**Task prompt:**
Where the lines below hold images, skip those and copy every word exactly.

**Raw data:**
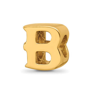 Letter B Bead Charm in 14k Yellow Gold Plated Sterling Silver
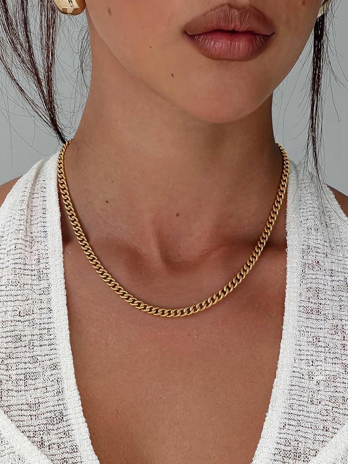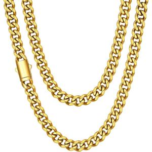 ChainsHouse Cuban Link Chain for Men, Stainless Steel Cuban Link Chain, Black/ 14K Gold Plated Cuban Chain Necklace, 6mm/9mm/12mm Width, Hip Hop Mens Jewelry, 18″-30″, Send Gift Box(d. 6mm width-gold)
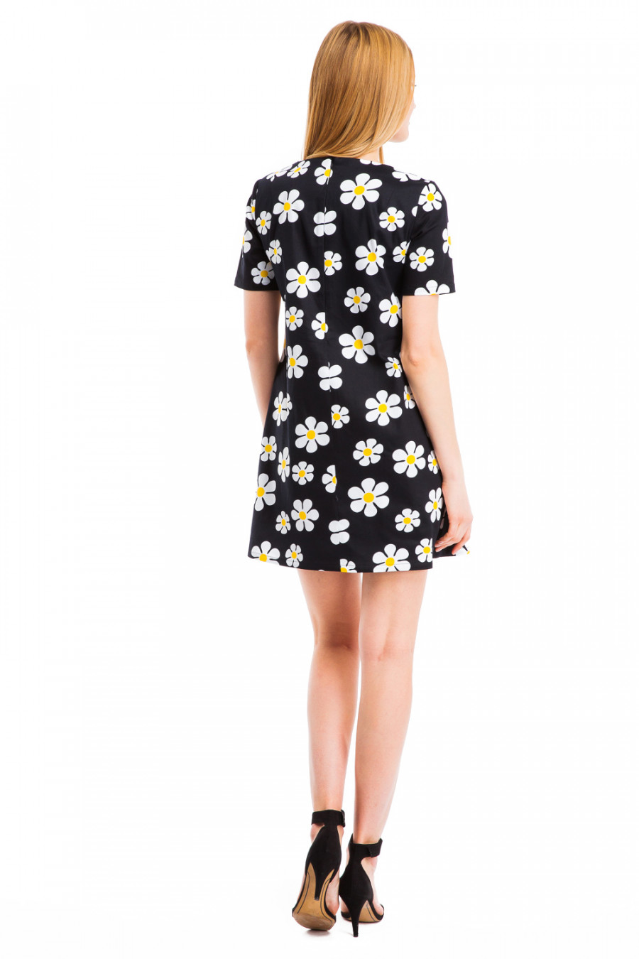 Платье с округлым вырезом горловины и короткими рукавами. Модель трапециевидного силуэта с боковыми карманами, выполнена из качественного материала текстильной группы и украшена ярким принтом в ромашки. Длина изделия выше колена. Лаконичный и изысканный дизайн модели непременно придётся Вам по вкусу. Великолепный выбор на любой случай.

**Written solution:**
 Letter B Bead Charm in 14k Yellow Gold Plated Sterling Silver
 ChainsHouse Cuban Link Chain for Men, Stainless Steel Cuban Link Chain, Black/ 14K Gold Plated Cuban Chain Necklace, 6mm/9mm/12mm Width, Hip Hop Mens Jewelry, 18″-30″, Send Gift Box(d. 6mm width-gold)
 Платье с округлым вырезом горловины и короткими рукавами. Модель трапециевидного силуэта с боковыми карманами, выполнена из качественного материала текстильной группы и украшена ярким принтом в ромашки. Длина изделия выше колена. Лаконичный и изысканный дизайн модели непременно придётся Вам по вкусу. Великолепный выбор на любой случай.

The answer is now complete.